Step 7: Garnish and serve with chips, veggies, and pretzels

Let the dip sit for 5 minutes to slightly thicken and cool to a safe serving temperature. Then, garnish the top with extra blue cheese crumbles, a sprinkle of sliced green onions, and a light drizzle of hot sauce. Add a little chopped fresh parsley if you want a pop of green.

Arrange tortilla chips, celery sticks, carrot sticks, and pretzels around the skillet or on a separate platter. Serve the dip straight from the skillet while it is still warm and bubbly. Remind guests that the skillet handle is hot, and enjoy the creamy, tangy, spicy goodness.

Pro Tips

  • Use rotisserie chicken for speed: It is flavorful, tender, and saves you from having to cook chicken separately. Just remove the skin and shred.
  • Adjust the heat level: For milder dip, start with 1/4 cup hot sauce and taste before adding more. For extra spicy, go up to 3/4 cup or add a pinch of cayenne.
  • Soften cream cheese properly: Room-temperature cream cheese blends much more smoothly. If it is cold, you will get lumps that never fully disappear.
  • Use a sturdy skillet or baking dish: If you do not have a 10-inch skillet, use a 9-inch pie dish or 8×8-inch baking dish. Baking time may vary by a few minutes.
  • Keep it warm for parties: After baking, you can keep the dip warm by setting the skillet on a warming tray or very low (around 200°F / 95°C) oven between servings.

Variations

  • Extra Blue Cheese Buffalo Dip: Double the blue cheese to 2/3 cup in the dip and a generous sprinkle on top for a stronger, classic buffalo wing flavor.
  • Jalapeño Buffalo Dip: Stir in 1–2 finely chopped fresh jalapeños (seeds removed for milder heat) with the green onions for extra kick and a fresh peppery note.
  • Slow Cooker Version: Combine all dip ingredients in a slow cooker, cook on LOW for 2–3 hours until hot and melted, then switch to WARM for serving.
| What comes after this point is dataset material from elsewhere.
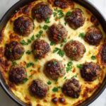 A comforting and hearty Cheesy Potato Meatball Casserole featuring seasoned ground beef meatballs layered between creamy, cheesy mashed potatoes, baked until golden and bubbly. Perfect for a family dinner with rich flavors and a satisfying texture.

Skip the broiling step or transfer to an oven-safe dish to brown the top.

Storage & Make-Ahead

To make ahead, assemble the dip through Step 5, cover tightly, and refrigerate up to 24 hours. When ready to serve, uncover and bake at 375°F (190°C) for 22–25 minutes (it may need a few extra minutes since it is starting cold), then broil briefly if desired.

Leftover dip can be cooled completely, then covered and refrigerated for up to 3–4 days. Reheat portions in the microwave in 20–30 second bursts, stirring between each, or reheat the whole skillet covered with foil in a 350°F (175°C) oven for 15–20 minutes, until hot and melty again. This dip does not freeze well due to the dairy, so it is best enjoyed fresh or from the fridge.

Nutrition (per serving)

Approximate values for 1 of 10 servings of dip (not including dippers): about 265 calories, 18 g fat, 6 g saturated fat, 4 g carbohydrates, 0 g fiber, 2 g sugar, 18 g protein, and 600–700 mg sodium. Actual nutrition will vary based on specific brands of ranch, cheeses, and hot sauce, as well as your choice and amount of dippers.